- CC 325 C - Abraham Lincoln and the Civil War
- 3 or 4 Credits
TR 8:30 - 9:45 am - Professor Piehl
The Civil War is the American Iliad, a defining and fratricidal conflict that remains vivid in American history, culture, and imagination 150 years after it occurred. In this course our primary attention will be on the history of the Civil War as commonly understood—that is, as the political, military, and ideological conflict between the federal Union and the Confederacy that occurred between 1861 and 1865, causing 600,000 deaths and untold suffering, while also decisively transforming American government, society, economics, and race relations. But this is not, primarily, a course in military history, but rather an inquiry into the fundamental issues that the Civil War raised and still raises regarding the character of American democracy, social organization, race relations, sectional loyalties, and others. It will also give considerable attention to the figure whose words and actions are integrally connected to the meaning of the war, then and since, Abraham Lincoln—examining him both as political leader and as a powerful and seminal American writer.

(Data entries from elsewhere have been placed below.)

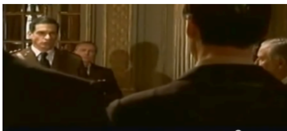
Figura 25. Fotograma con la caracterización de Juan Domingo Perón. Fuente: Pergolini, 2007-2008, capítulo XII, temporada 3.

con Gran Bretaña en 1933, era presentado como una prefiguración del neoliberalismo menemista. Héctor Benigno Varela, responsable de la sangrienta represión en la Patagonia, como una anticipación del terrorismo de Estado iniciado en 1976. Sólo Juan Domingo Perón se caracterizaba de modo ambiguo: por un lado, como responsable de medidas sociales (la rebaja de alquileres,
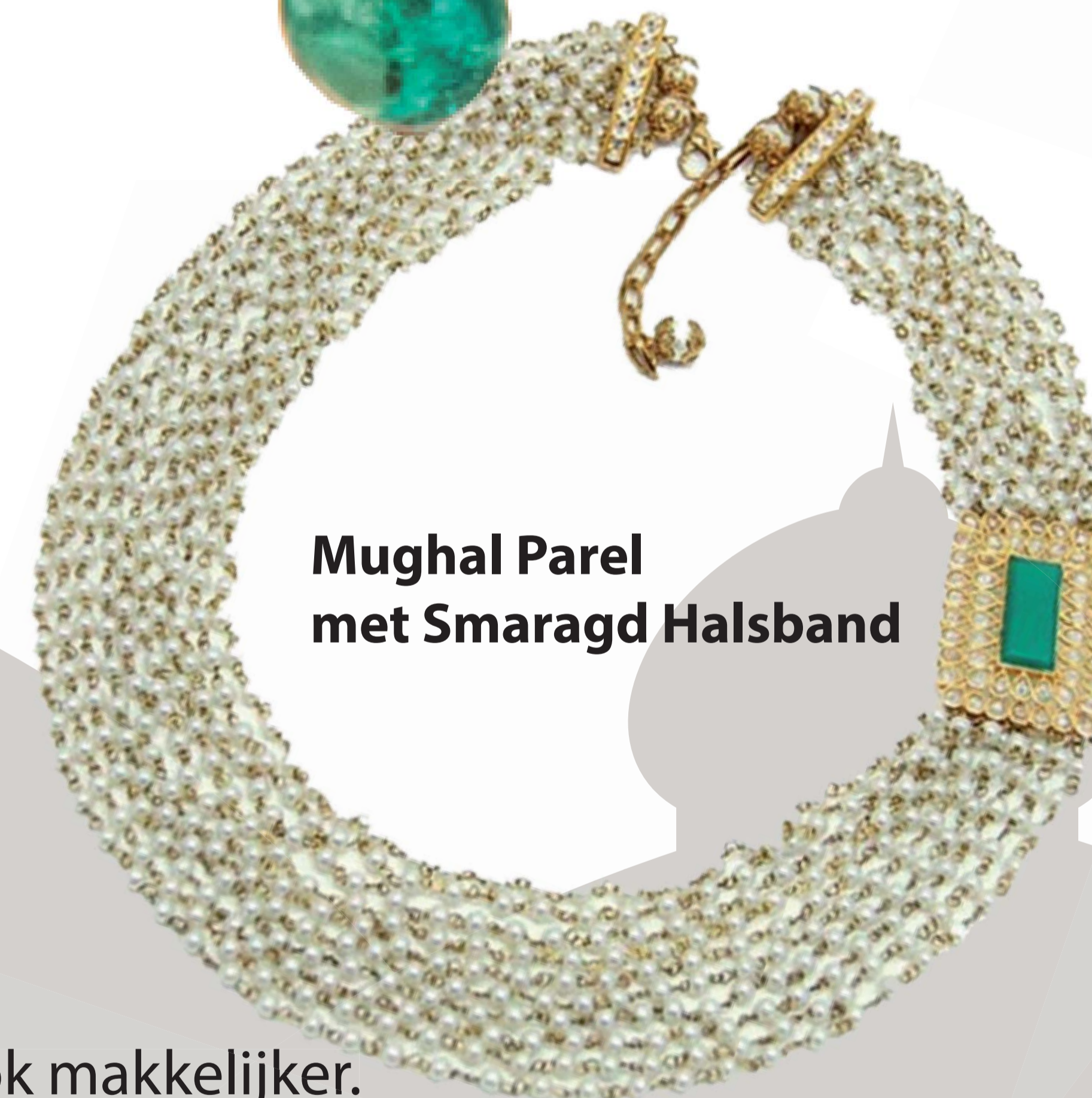
Mughal Parel met Smaragd Halsband
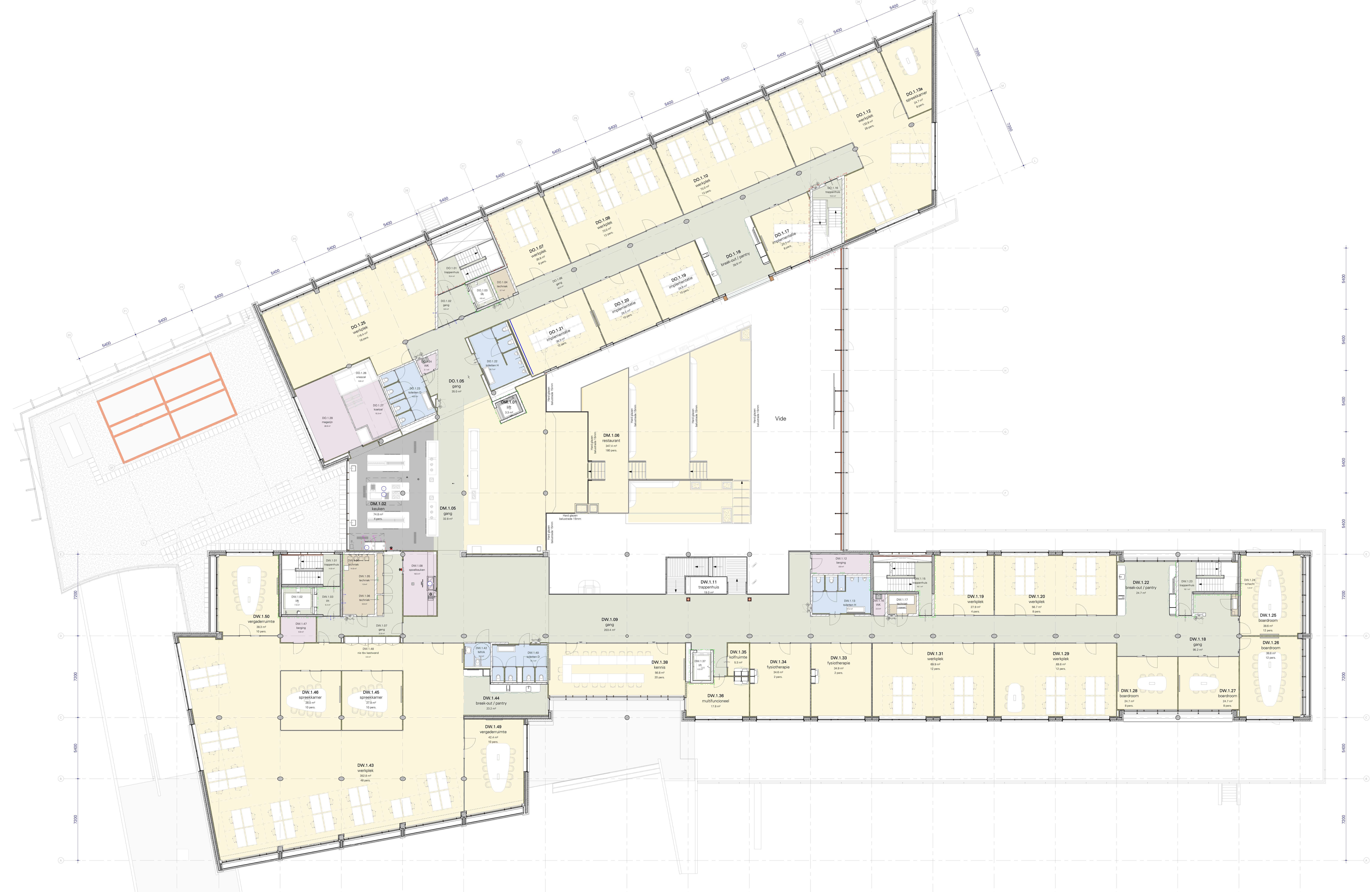
Plattegrond eerste verdieping
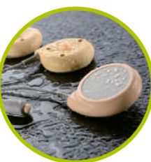
Sonda aprueba de agua
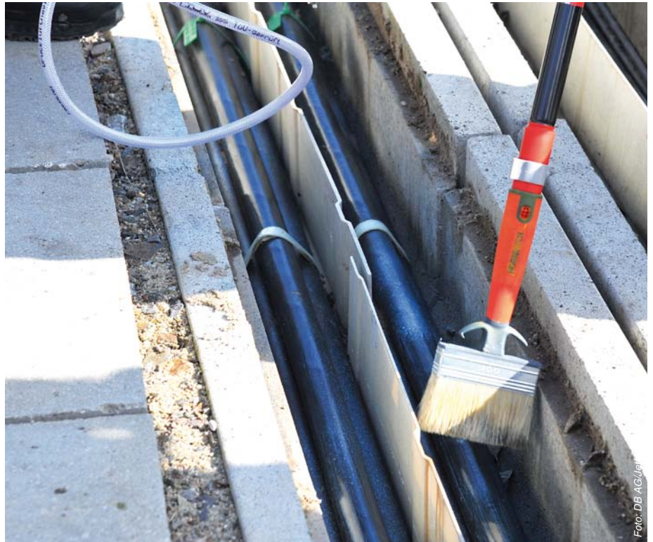
Abbildung 3 und 4: Aufstreichen oder aufsprühen ist für die Wirkung unerheblich.

Ermittlungsbehörden dadurch erschwert oder gar unmöglich gemacht werden.
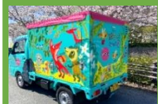
はちっこぶっく号ミニ (滋賀県近江八幡市)

軽自動車ならではの小回りの良さを活かし、名古屋市内各所での活用を企画。ヨシタ ケシンスケさんのデザインで、明るく元気に地域をブ〜んと回ります！
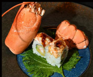
96. Uramaki dragon 16.00€ gambero fritto, mazzancolle, tartar dell'astice, avocado, maionese, salsa teriyaki, tobiko Allergeni: 2,3,6
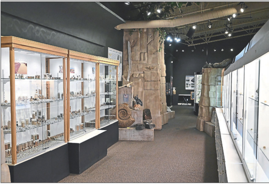
Parmi les nombreuses activités offertes au Parc Safari, les visiteurs peuvent visiter le Pavillon Découvertes situé tout près de l'entrée du site.
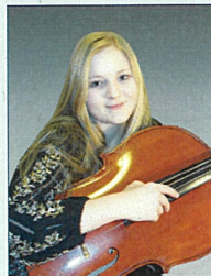
チェロ ヤーナ・ラヴロワ
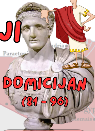
DOMICIJAN (81 - 96)

SPRVA DOBER VLADAR, NATO POSTANE ZLOBEN, PREGANJAL KRISTJANE.
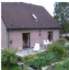
SITUATION AVANT TRAVAUX

Pour autant que l'ensemble des paramètres de votre projet nous semblent réalistes et que vous soyez intéressés par notre approche, le travail de recherche peut débuter après la signature de la convention relative à la mission R de la R.A.C.E.

The first part of the course will survey the broad issues in Civil War history: the causes of the war, secession; the ideologies of North and South; the conflict over emancipation and race relations; the military, political, economic, and diplomatic course of the war; the war’s effects on soldiers and on civilian society; the particular roles of African-Americans, women, and Copperheads; and reasons for Union victory and Confederate defeat. The course will then turn specifically to Lincoln as the determining voice of the Union cause, while also examining the debates and conflicts his leadership aroused, then and since. Finally, some attention will be given to thoughtful contemporary writers who addressed the war, especially the poems and hospital writings of Walt Whitman, as well as to the echoes of the Civil War in subsequent American history and imagination.
All students will write one 5-7 page paper. For their second and third assignments, students may choose either two more 5-7 page papers, or a major paper of approximately 10-15 pages. While research papers on numerous subjects are possible, the emphasis will be on analytical studies addressing central issues in Lincoln studies and Civil War history, which may or may not require substantial research. There will also be a few small graded assignments and class presentations.
The central readings of the course will be: James McPherson, Ordeal By Fire; Jim Cullen and Lyde Cullen Sizer, eds, The Civil War Era: An Anthology of Sources; William Gienapp, ed. The Fiery Trial: The Speeches and Writings of Abraham Lincoln; James McPherson, Abraham Lincoln and the Second American Revolution; and Walter Lowenfals, ed., Walt Whitman’s Civil War. Brief selections from other primary sources and secondary literature by historians and others will also be used, as will selected videos and films.